One fudged curve is worth a thousand weasel words.

No analysis is a complete failure—it can always serve as a bad example.

Experience varies directly with the equipment ruined.

He got himself a Hershey bar and went back to the lab.

•  •  •

“Jesus,” Penny said in the morning, “you look like something somebody took out of an old trunk.”

“Yeah, yeah. Got a class next hour.
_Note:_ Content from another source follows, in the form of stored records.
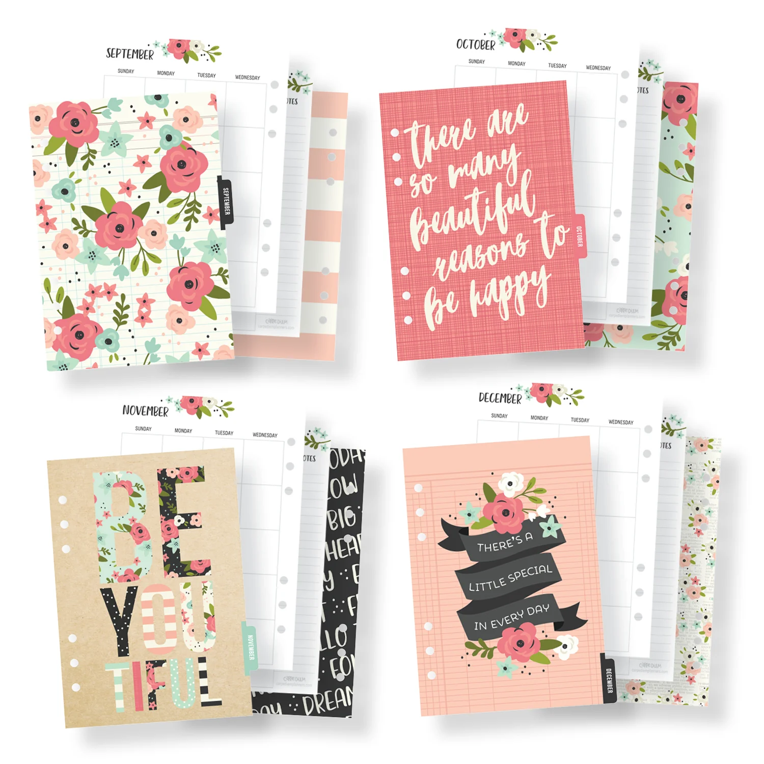 - 12 A5 double-sided monthly calendar inserts (undated)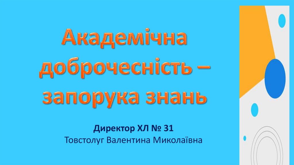 Директор ХЛ № 31Товстолуг Валентина Миколаївна
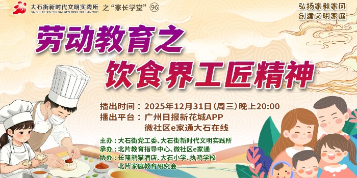 大石街“家长学堂”第96期:劳动教育之饮食界工匠精神

What’s in the larder?”

“Lard, that’s what the fuck’s in the larder—fucking lard.”

“As you’re always putting it, come on”

“Cereal, then.”

“I’m hungry.”

“Two bowls, then.”

“Look, I had to work.”

“Not getting promoted really shook you up, didn’t it?”

“Bull, just bull.”

“Bull, right.”

“I’ve got to find out.”

“That woman, Zinnes. That’s all you needed.”

“For confirmation, yes. But we don’t understand it.”

Gordon rummaged for shredded wheat. He put the toasted rolls into a bowl and threw the packet into the trash. At the bottom of the trash container was an empty half-gallon of Brookside burgundy.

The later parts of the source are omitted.